*** DATA EXCERPT Section Begins ***
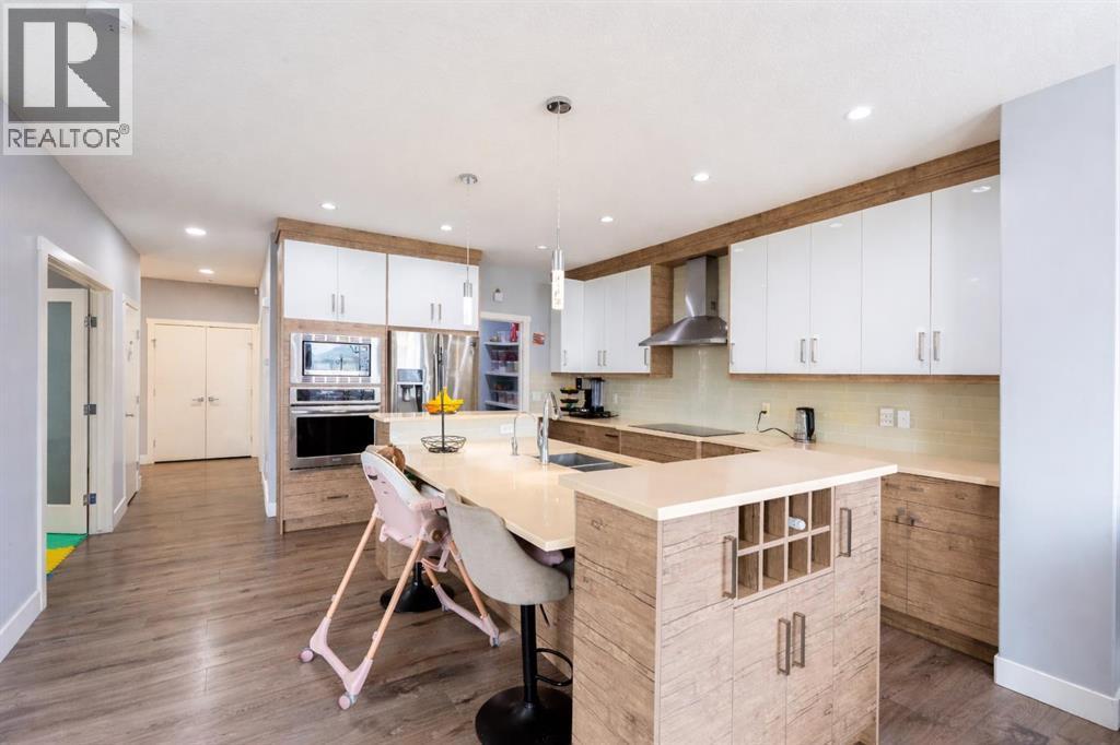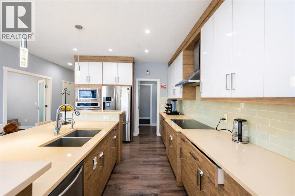 Stunning Walk-Out Family Home With Illegal Basement Suite and Solar Panels in Baysprings!Welcome to this beautifully maintained 2-storey home offering approximately 2,517 sq ft above grade, plus a fully developed walk-out basement with an illegal suite—perfect for extended family or multi-generational living.Step inside to discover 9’ ceilings, elegant LVP and tile flooring, and a thoughtfully designed main floor layout. The heart of the home is the spacious chef-inspired kitchen featuring quartz countertops, a large custom island, stainless appliances, and a convenient walk-through pantry/mudroom. The inviting family room showcases custom built-ins and a cozy fireplace, while a main-floor office/den and full bath add flexibility and convenience.Upstairs, you’ll find 4 generously sized bedrooms, a versatile bonus room, and upper-level laundry. The impressive primary retreat (15’9” x 13’2”) features a recessed ceiling, custom walk-in closet, and a luxurious 5-piece ensuite with tile and glass shower—your private sanctuary after a long day.The fully finished walk-out basement offers 2 additional bedrooms, a full bath, separate living area, kitchen space, and private entrance, providing excellent potential for extended family accommodation.Enjoy year-round comfort with central A/C and energy efficiency thanks to solar panels—reducing utility costs significantly (summer months averaging $0 electricity, winter typically under $200).Outdoor living is just as impressive with a 16’ x 10’ low-maintenance deck, covered patio at grade, wide open backyard, playgrounds, and a nearby elementary school. The double attached garage (17’7” x 25’9”) and oversized garage pad complete the package.Located in the highly desirable community of Baysprings, this home perfectly blends modern finishes, functional design, and an unbeatable location.Don’t miss this rare opportunity—schedule your private showing today! (id:6769)
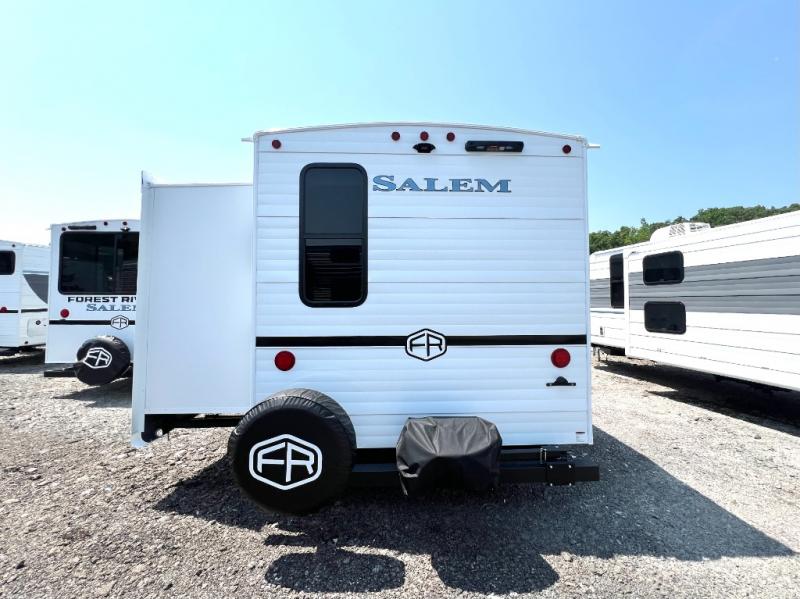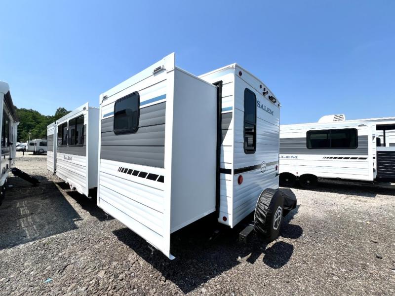 The Salem travel trailers are packed with hassle-free camping amenities! There are a variety of floorplans to choose from between three different regions. The heated and enclosed Accessibelly will help protect against the elements and debris during transport, and the exterior retro/metal redesign is sure to be eye-catching! There are stylish roller shades inside, along with updated backsplash, elegant curtain rods and curtains, plus many more interior comforts! Choose a Salem travel trailer today for quality and value!
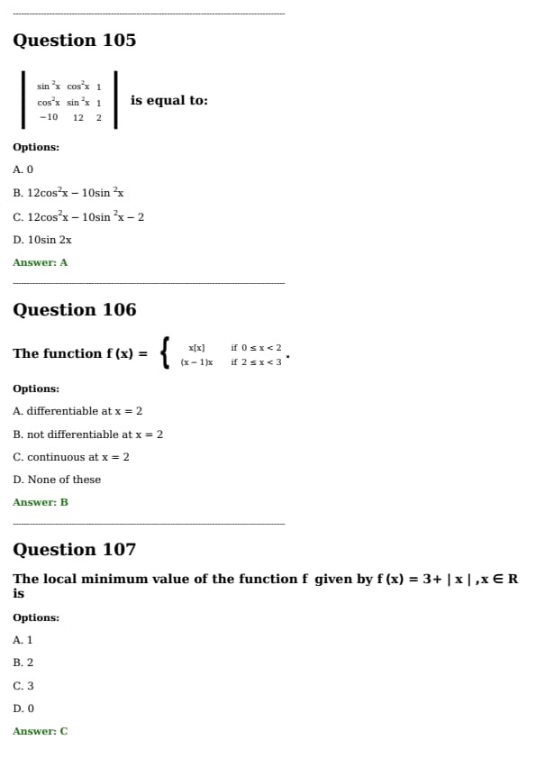 The following determinant is equal to: \[ \begin{vmatrix} \sin^2 x & \cos^2 x & 1
*** DATA EXCERPT Section Ends ***
**PROBLEM STATEMENT**. The expected output is the full data above, reproduced exactly with no images.

**RESULT FOR THIS TASK**.
 Stunning Walk-Out Family Home With Illegal Basement Suite and Solar Panels in Baysprings!Welcome to this beautifully maintained 2-storey home offering approximately 2,517 sq ft above grade, plus a fully developed walk-out basement with an illegal suite—perfect for extended family or multi-generational living.Step inside to discover 9’ ceilings, elegant LVP and tile flooring, and a thoughtfully designed main floor layout. The heart of the home is the spacious chef-inspired kitchen featuring quartz countertops, a large custom island, stainless appliances, and a convenient walk-through pantry/mudroom. The inviting family room showcases custom built-ins and a cozy fireplace, while a main-floor office/den and full bath add flexibility and convenience.Upstairs, you’ll find 4 generously sized bedrooms, a versatile bonus room, and upper-level laundry. The impressive primary retreat (15’9” x 13’2”) features a recessed ceiling, custom walk-in closet, and a luxurious 5-piece ensuite with tile and glass shower—your private sanctuary after a long day.The fully finished walk-out basement offers 2 additional bedrooms, a full bath, separate living area, kitchen space, and private entrance, providing excellent potential for extended family accommodation.Enjoy year-round comfort with central A/C and energy efficiency thanks to solar panels—reducing utility costs significantly (summer months averaging $0 electricity, winter typically under $200).Outdoor living is just as impressive with a 16’ x 10’ low-maintenance deck, covered patio at grade, wide open backyard, playgrounds, and a nearby elementary school. The double attached garage (17’7” x 25’9”) and oversized garage pad complete the package.Located in the highly desirable community of Baysprings, this home perfectly blends modern finishes, functional design, and an unbeatable location.Don’t miss this rare opportunity—schedule your private showing today! (id:6769)
 The Salem travel trailers are packed with hassle-free camping amenities! There are a variety of floorplans to choose from between three different regions. The heated and enclosed Accessibelly will help protect against the elements and debris during transport, and the exterior retro/metal redesign is sure to be eye-catching! There are stylish roller shades inside, along with updated backsplash, elegant curtain rods and curtains, plus many more interior comforts! Choose a Salem travel trailer today for quality and value!
 The following determinant is equal to: \[ \begin{vmatrix} \sin^2 x & \cos^2 x & 1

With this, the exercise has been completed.